The Board agreed China Water Resources and Power to collect a management service fee from the Company and its subsidiaries, which amount is equivalent to 1% of the contract purchase amount. Purchase charges will be settled directly between the Company, together with its subsidiaries, and China Water Resources and Power. Total purchase amount is estimated to be approximately RMB248.46 million (including equipment purchase costs and 1% management service fees).
CDC and its subsidiaries hold a total of approximately 35.60% of the issued share capital of the Company. As CDC holds approximately 70.72% of the shares of China Water Resources and Power, China Water Resources and Power is a subsidiary of CDC. Pursuant to the requirements of the Listing Rules, China Water Resources and Power is a connected person of the Company. Therefore, the Centralised Purchase constitutes continuing connected transactions of the Company. Connected Directors have abstained from voting on the above-mentioned continuing connected transactions.
The non-connected Directors and the independent non-executive Directors are of the view that the above-mentioned continuing connected transactions are conducted on normal commercial terms and are in the ordinary course of business of the Company. The independent non-executive Directors are of the view that the above-mentioned continuing connected transactions are fair and reasonable and are in the interests of the Company and the shareholders as a whole.

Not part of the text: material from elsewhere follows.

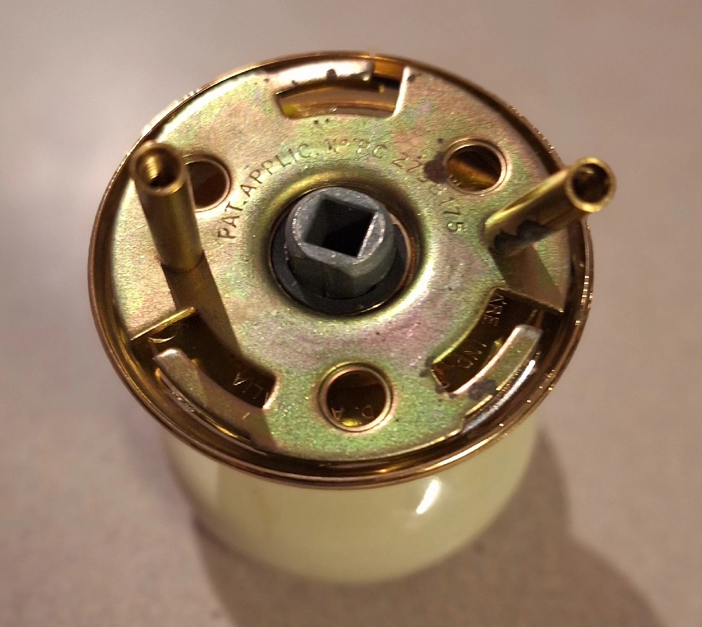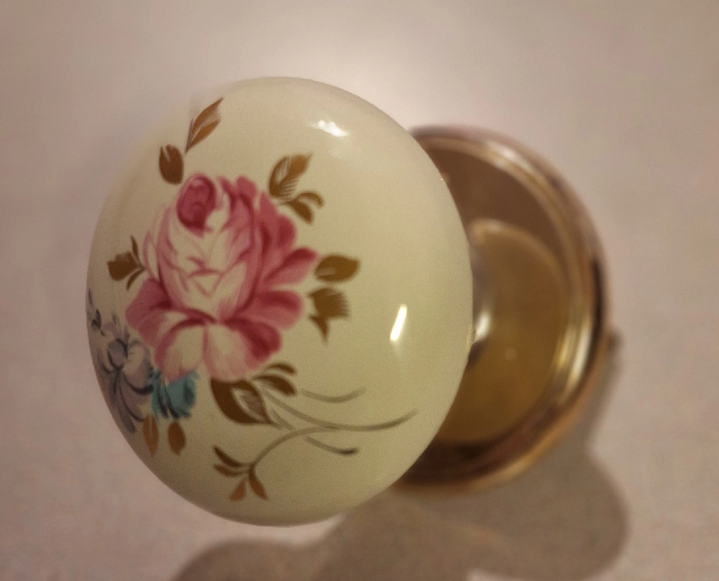 71Selling a vintage door knob with a lovely floral design! It features a ceramic knob with a pink rose and blue flower pattern, accented with gold-coloured leaves.
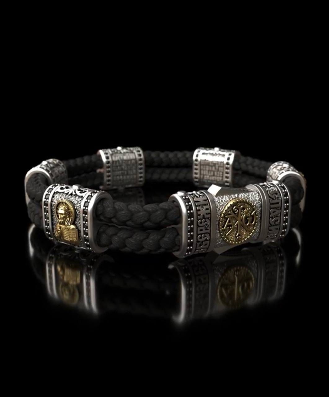 Православний браслет із білого та жовтого золота 585 проби, з повною молитвою «Отче Наш» українською мовою.

Further announcement relating to the details of the purchase agreement will be made in accordance with the Rules of the Shanghai Stock Exchange for the Listing of Securities and the Listing Rules of the Stock Exchange when the purchase agreement is officially entered into between the Company and China Water Resources and Power.
By Order of the Board
Zhou Gang
Secretary to the Board
Beijing, the PRC, 17 August 2009
As at the date of this announcement, the Directors of the Company are:Zhai Ruoyu, Hu Shengmu, Cao Jingshan, Fang Qinghai, Zhou Gang, Liu Haixia,Guan Tiangang, Su Tiegang, Ye Yonghui, Li Gengsheng, Xie Songlin*, Liu Chaoan*,
Yu Changchun*, Xia Qing* and Li Hengyuan*.